Summary: SISSA researchers describe their findings about how the Foxg1 gene is involved in the development and differentiation of neurons and glial cells from stem cells.
Source: SISSA (The International School for Advanced Studies)
A new study by SISSA identifies the gene which regulates the production ratio of neurons and support cells during cerebral cortex development
Our brain comprises 85 billion nerve cells and just as many so-called glial cells, which work in close contact with the former to guarantee their proper function. All originate from brain stem cells. But what decides when and how many of them become neurons or glial cells? A new study led by the Laboratory of Cerebral Cortex Development of SISSA has shown how the Foxg1 gene, already involved in numerous processes of cerebral development and in rare disorders like Rett and West syndromes, plays a fundamental role in piloting the differentiation of stem cells, guaranteeing that neurons and glial cells are produced in the right quantity and at the right moment. The work, published in Cerebral Cortex and conducted in collaboration with the University of Cambridge and the IRCCS Burlo Garofolo, opens new roads to understanding and treating incurable genetic diseases.
Cortico-cerebral development is a very complex process and remains largely mysterious. Stem cells give life to neurons, then to glial cells, starting with the astrocytes, which are essential for nourishing nerve cells and modulating their activity. In human beings, this occurs after the fourth month of pregnancy, when the production of nerve cells tends to finish and that of astrocytes begin to increase. In rodents, this shift takes place immediately after birth.
Up to now, it had not been clear what coordinated this transition, but SISSA researchers have shown that the Foxg1 gene, already known for its involvement in other development processes and in some rare diseases, regulates stem cell differentiation behavior like a true “conductor”. They observed that the level of expression of this gene declines naturally, a short time before astrocyte production begins. Then the researchers modulated the expression of this gene, both in vitro and in vivo, and observed that an increase in this expression slows down the passage from production of neurons to astrocytes; on the other hand, a decrease in the expression facilitates it. They also confirmed that very similar phenomena occur in human stem cells. Finally, the scholars also investigated the mechanisms through which this phenomenon articulates itself and identified two types of processes.
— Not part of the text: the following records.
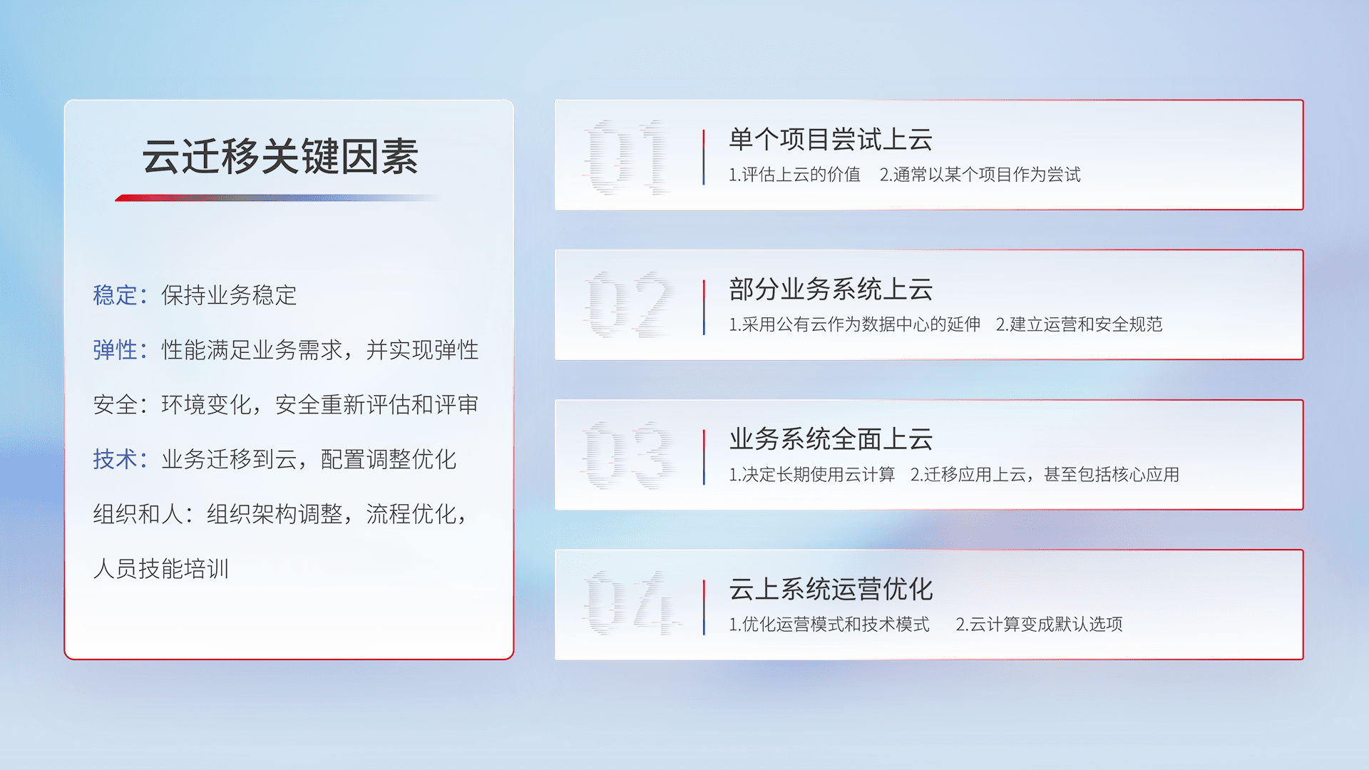 结合实际业务,,,,从规划设计、、、、云平台选型、、、云原生改造、、、、数据迁移、、、集成交付,,迁移全过程为客户识别最佳上云路径,,,做好风险识别管理,,,,设计网络架构、、、身份权限、、、安全审计合规、、、、操作审计、、日志审计、、、监控告警策略、、多站点容灾设计等,,,对云上基础设施进行整体规划,,,提升IT治理水平,,,以满足弹性、、、、高可用、、、高性能的需求。。。
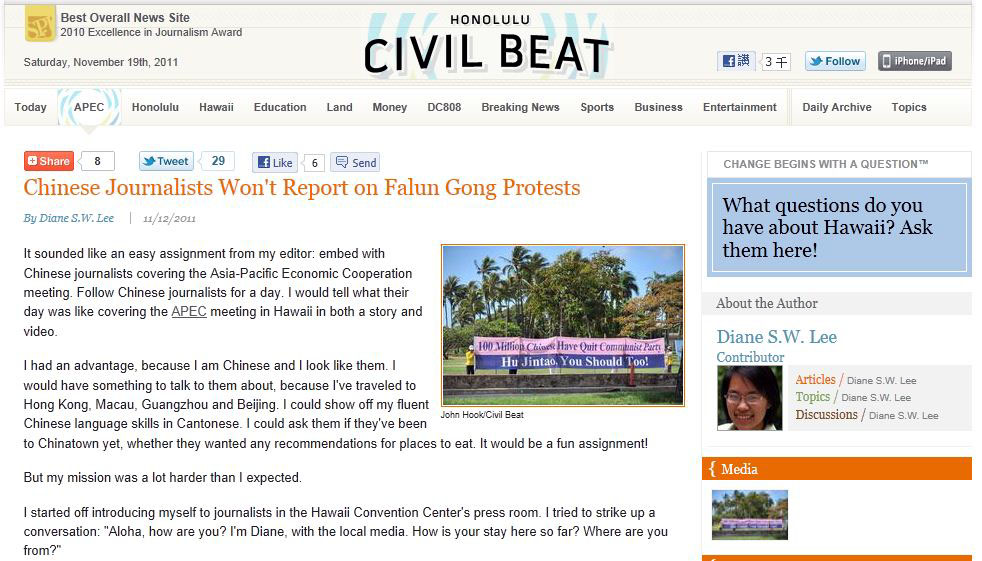 夏威夷网络新闻媒体Civil Beat在APEC会议期间共报导了三则关于法轮功的新闻,其中一篇更以《中国记者不会报导法轮功抗议行动》(Chinese Journalists Won't Report on Falun Gong Protests)为题,描述该记者在夏威夷国际媒体中心与中国记者的对话,所有来自中国的媒体记者都提到“在中国,新闻是受中共政府监控的。报导法轮功议题是被禁止的,如果报导中说错话,随时会丢掉工作。”
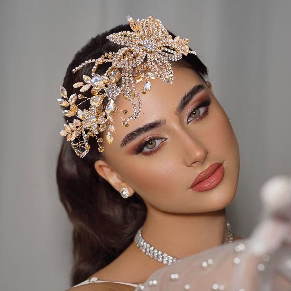New cross-border handmade rhinestone headband for brides, claw chain style headband, wedding dress accessory.
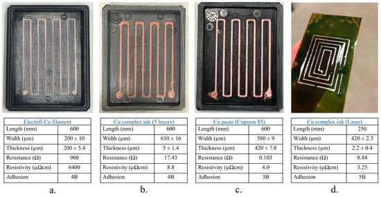 The meander structure depicted in Figure 4, as anticipated, exhibited an excessively high resistance experimentally; specifically, a resistance of 960 Ω was measured. This outcome aligned with expectations based on the datasheet’s specified specific resistance of 6000 µΩcm. Furthermore, it is worth noting that the filament was extruded at a low temperature of 60 °C, while increasing this temperature might further reduce the resistance. The experimentally calculated bulk resistivity of the printed trace was 6400 µΩcm, which is over 3500 times that of bulk copper and consistent with the datasheet. Consequently, the filament was also unsuitable for the heating structure, despite its respectable adhesion rating of 4B.

On one side, Foxg1 regulates the expression of four master genes implicated in the choice between production of neurons and that of astrocytes; on the other, it modulates the function of several molecular machines (gene batteries) involved in the execution of the astrocyte differentiation program.
“It is a very important result, both scientifically and methodologically speaking,” comments Antonello Mallamaci, director of the Laboratory of Cortical Development of SISSA and study leader. “The role of Foxg1 in this transition process and its involvement in disorders such as the variants of the Rett and West syndrome suggests that some of the anomalies typical of these syndromes are generated by an alteration of the time scale with which the astroglial cells are generated and opens the way to possible gene therapies.”
“Furthermore” adds Mallamaci, “the combination of in vitro and in vivo study and the comparison with the results obtained in human stem cells has proven to be a winning approach to study highly preserved development processes. This approach can certainly be used in the future to answer new questions.”
Foxg1 Antagonizes Neocortical Stem Cell Progression to Astrogenesis
Neocortical astrogenesis follows neuronogenesis and precedes oligogenesis. Among key factors dictating its temporal articulation, there are progression rates of pallial stem cells (SCs) towards astroglial lineages as well as activation rates of astrocyte differentiation programs in response to extrinsic gliogenic cues. In this study, we showed that high Foxg1 SC expression antagonizes astrocyte generation, while stimulating SC self-renewal and committing SCs to neuronogenesis. We found that mechanisms underlying this activity are mainly cell autonomous and highly pleiotropic. They include a concerted downregulation of 4 key effectors channeling neural SCs to astroglial fates, as well as defective activation of core molecular machineries implementing astroglial differentiation programs. Next, we found that SC Foxg1 levels specifically decline during the neuronogenic-to-gliogenic transition, pointing to a pivotal Foxg1 role in temporal modulation of astrogenesis. Finally, we showed that Foxg1 inhibits astrogenesis from human neocortical precursors, suggesting that this is an evolutionarily ancient trait.